§ What the task requires
Output each entry in full so that the result matches the data exactly.

§ Material shown
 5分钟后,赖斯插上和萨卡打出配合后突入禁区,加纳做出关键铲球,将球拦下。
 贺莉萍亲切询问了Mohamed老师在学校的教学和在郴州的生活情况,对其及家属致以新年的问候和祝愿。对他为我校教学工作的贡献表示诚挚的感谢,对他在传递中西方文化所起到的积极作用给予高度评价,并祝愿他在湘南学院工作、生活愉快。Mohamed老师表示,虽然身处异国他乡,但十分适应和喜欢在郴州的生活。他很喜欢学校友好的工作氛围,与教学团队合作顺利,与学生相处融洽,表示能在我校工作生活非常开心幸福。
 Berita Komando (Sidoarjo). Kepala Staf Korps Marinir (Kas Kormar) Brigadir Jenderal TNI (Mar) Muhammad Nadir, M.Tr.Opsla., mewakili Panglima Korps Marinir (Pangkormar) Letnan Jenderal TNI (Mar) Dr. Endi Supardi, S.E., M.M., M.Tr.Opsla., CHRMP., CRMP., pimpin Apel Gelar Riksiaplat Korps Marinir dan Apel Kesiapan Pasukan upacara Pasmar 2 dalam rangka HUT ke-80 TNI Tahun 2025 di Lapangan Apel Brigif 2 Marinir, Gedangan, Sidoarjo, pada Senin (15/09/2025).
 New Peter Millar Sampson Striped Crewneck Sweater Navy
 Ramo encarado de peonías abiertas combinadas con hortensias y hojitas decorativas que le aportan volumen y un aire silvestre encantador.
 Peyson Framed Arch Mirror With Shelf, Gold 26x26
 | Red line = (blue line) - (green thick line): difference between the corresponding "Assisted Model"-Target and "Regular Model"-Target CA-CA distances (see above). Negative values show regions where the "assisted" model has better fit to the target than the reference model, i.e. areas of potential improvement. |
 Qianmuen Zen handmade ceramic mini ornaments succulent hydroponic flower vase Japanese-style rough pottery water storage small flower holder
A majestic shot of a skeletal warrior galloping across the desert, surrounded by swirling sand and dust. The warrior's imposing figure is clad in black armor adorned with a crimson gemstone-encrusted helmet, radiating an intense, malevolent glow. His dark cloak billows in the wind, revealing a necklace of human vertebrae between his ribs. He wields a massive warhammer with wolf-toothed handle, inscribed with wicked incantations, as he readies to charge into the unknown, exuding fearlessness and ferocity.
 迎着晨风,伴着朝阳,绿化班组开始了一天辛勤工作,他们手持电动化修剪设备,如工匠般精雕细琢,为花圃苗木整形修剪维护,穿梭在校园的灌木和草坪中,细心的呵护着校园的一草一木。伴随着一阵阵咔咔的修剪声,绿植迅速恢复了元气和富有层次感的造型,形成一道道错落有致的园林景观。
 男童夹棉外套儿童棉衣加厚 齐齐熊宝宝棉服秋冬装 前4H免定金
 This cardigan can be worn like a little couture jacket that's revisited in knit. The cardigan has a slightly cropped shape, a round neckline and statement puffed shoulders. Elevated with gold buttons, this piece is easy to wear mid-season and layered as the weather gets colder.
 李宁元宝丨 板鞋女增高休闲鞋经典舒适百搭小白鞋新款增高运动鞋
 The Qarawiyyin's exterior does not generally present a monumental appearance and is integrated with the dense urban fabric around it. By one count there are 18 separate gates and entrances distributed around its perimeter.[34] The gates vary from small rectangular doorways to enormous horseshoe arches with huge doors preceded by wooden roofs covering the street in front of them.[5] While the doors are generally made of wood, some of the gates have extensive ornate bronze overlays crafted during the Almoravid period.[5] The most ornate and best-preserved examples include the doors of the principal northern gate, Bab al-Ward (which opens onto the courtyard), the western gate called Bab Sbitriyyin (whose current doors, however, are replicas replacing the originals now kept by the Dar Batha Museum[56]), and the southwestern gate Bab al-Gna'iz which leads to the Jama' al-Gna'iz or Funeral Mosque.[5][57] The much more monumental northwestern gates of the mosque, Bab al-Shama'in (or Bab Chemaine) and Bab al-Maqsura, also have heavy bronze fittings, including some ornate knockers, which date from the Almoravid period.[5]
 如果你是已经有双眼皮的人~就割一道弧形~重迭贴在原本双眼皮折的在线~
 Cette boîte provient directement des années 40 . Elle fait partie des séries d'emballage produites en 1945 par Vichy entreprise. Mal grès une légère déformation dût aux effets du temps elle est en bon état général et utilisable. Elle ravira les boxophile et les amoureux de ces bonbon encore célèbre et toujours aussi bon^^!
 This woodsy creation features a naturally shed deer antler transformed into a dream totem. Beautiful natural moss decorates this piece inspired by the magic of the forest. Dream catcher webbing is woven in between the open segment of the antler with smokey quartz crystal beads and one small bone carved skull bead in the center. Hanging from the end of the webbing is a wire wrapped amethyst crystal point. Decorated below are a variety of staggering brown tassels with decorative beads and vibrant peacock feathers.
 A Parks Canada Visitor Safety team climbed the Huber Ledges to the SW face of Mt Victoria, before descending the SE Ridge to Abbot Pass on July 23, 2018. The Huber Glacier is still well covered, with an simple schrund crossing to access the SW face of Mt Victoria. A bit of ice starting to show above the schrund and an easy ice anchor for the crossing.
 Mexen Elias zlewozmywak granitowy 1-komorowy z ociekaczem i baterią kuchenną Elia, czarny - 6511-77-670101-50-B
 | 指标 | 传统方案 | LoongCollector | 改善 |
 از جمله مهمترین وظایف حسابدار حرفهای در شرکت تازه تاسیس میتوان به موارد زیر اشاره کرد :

§ Answer section
 5分钟后,赖斯插上和萨卡打出配合后突入禁区,加纳做出关键铲球,将球拦下。
 贺莉萍亲切询问了Mohamed老师在学校的教学和在郴州的生活情况,对其及家属致以新年的问候和祝愿。对他为我校教学工作的贡献表示诚挚的感谢,对他在传递中西方文化所起到的积极作用给予高度评价,并祝愿他在湘南学院工作、生活愉快。Mohamed老师表示,虽然身处异国他乡,但十分适应和喜欢在郴州的生活。他很喜欢学校友好的工作氛围,与教学团队合作顺利,与学生相处融洽,表示能在我校工作生活非常开心幸福。
 Berita Komando (Sidoarjo). Kepala Staf Korps Marinir (Kas Kormar) Brigadir Jenderal TNI (Mar) Muhammad Nadir, M.Tr.Opsla., mewakili Panglima Korps Marinir (Pangkormar) Letnan Jenderal TNI (Mar) Dr. Endi Supardi, S.E., M.M., M.Tr.Opsla., CHRMP., CRMP., pimpin Apel Gelar Riksiaplat Korps Marinir dan Apel Kesiapan Pasukan upacara Pasmar 2 dalam rangka HUT ke-80 TNI Tahun 2025 di Lapangan Apel Brigif 2 Marinir, Gedangan, Sidoarjo, pada Senin (15/09/2025).
 New Peter Millar Sampson Striped Crewneck Sweater Navy
 Ramo encarado de peonías abiertas combinadas con hortensias y hojitas decorativas que le aportan volumen y un aire silvestre encantador.
 Peyson Framed Arch Mirror With Shelf, Gold 26x26
 | Red line = (blue line) - (green thick line): difference between the corresponding "Assisted Model"-Target and "Regular Model"-Target CA-CA distances (see above). Negative values show regions where the "assisted" model has better fit to the target than the reference model, i.e. areas of potential improvement. |
 Qianmuen Zen handmade ceramic mini ornaments succulent hydroponic flower vase Japanese-style rough pottery water storage small flower holder
A majestic shot of a skeletal warrior galloping across the desert, surrounded by swirling sand and dust. The warrior's imposing figure is clad in black armor adorned with a crimson gemstone-encrusted helmet, radiating an intense, malevolent glow. His dark cloak billows in the wind, revealing a necklace of human vertebrae between his ribs. He wields a massive warhammer with wolf-toothed handle, inscribed with wicked incantations, as he readies to charge into the unknown, exuding fearlessness and ferocity.
 迎着晨风,伴着朝阳,绿化班组开始了一天辛勤工作,他们手持电动化修剪设备,如工匠般精雕细琢,为花圃苗木整形修剪维护,穿梭在校园的灌木和草坪中,细心的呵护着校园的一草一木。伴随着一阵阵咔咔的修剪声,绿植迅速恢复了元气和富有层次感的造型,形成一道道错落有致的园林景观。
 男童夹棉外套儿童棉衣加厚 齐齐熊宝宝棉服秋冬装 前4H免定金
 This cardigan can be worn like a little couture jacket that's revisited in knit. The cardigan has a slightly cropped shape, a round neckline and statement puffed shoulders. Elevated with gold buttons, this piece is easy to wear mid-season and layered as the weather gets colder.
 李宁元宝丨 板鞋女增高休闲鞋经典舒适百搭小白鞋新款增高运动鞋
 The Qarawiyyin's exterior does not generally present a monumental appearance and is integrated with the dense urban fabric around it. By one count there are 18 separate gates and entrances distributed around its perimeter.[34] The gates vary from small rectangular doorways to enormous horseshoe arches with huge doors preceded by wooden roofs covering the street in front of them.[5] While the doors are generally made of wood, some of the gates have extensive ornate bronze overlays crafted during the Almoravid period.[5] The most ornate and best-preserved examples include the doors of the principal northern gate, Bab al-Ward (which opens onto the courtyard), the western gate called Bab Sbitriyyin (whose current doors, however, are replicas replacing the originals now kept by the Dar Batha Museum[56]), and the southwestern gate Bab al-Gna'iz which leads to the Jama' al-Gna'iz or Funeral Mosque.[5][57] The much more monumental northwestern gates of the mosque, Bab al-Shama'in (or Bab Chemaine) and Bab al-Maqsura, also have heavy bronze fittings, including some ornate knockers, which date from the Almoravid period.[5]
 如果你是已经有双眼皮的人~就割一道弧形~重迭贴在原本双眼皮折的在线~
 Cette boîte provient directement des années 40 . Elle fait partie des séries d'emballage produites en 1945 par Vichy entreprise. Mal grès une légère déformation dût aux effets du temps elle est en bon état général et utilisable. Elle ravira les boxophile et les amoureux de ces bonbon encore célèbre et toujours aussi bon^^!
 This woodsy creation features a naturally shed deer antler transformed into a dream totem. Beautiful natural moss decorates this piece inspired by the magic of the forest. Dream catcher webbing is woven in between the open segment of the antler with smokey quartz crystal beads and one small bone carved skull bead in the center. Hanging from the end of the webbing is a wire wrapped amethyst crystal point. Decorated below are a variety of staggering brown tassels with decorative beads and vibrant peacock feathers.
 A Parks Canada Visitor Safety team climbed the Huber Ledges to the SW face of Mt Victoria, before descending the SE Ridge to Abbot Pass on July 23, 2018. The Huber Glacier is still well covered, with an simple schrund crossing to access the SW face of Mt Victoria. A bit of ice starting to show above the schrund and an easy ice anchor for the crossing.
 Mexen Elias zlewozmywak granitowy 1-komorowy z ociekaczem i baterią kuchenną Elia, czarny - 6511-77-670101-50-B
 | 指标 | 传统方案 | LoongCollector | 改善 |
 از جمله مهمترین وظایف حسابدار حرفهای در شرکت تازه تاسیس میتوان به موارد زیر اشاره کرد :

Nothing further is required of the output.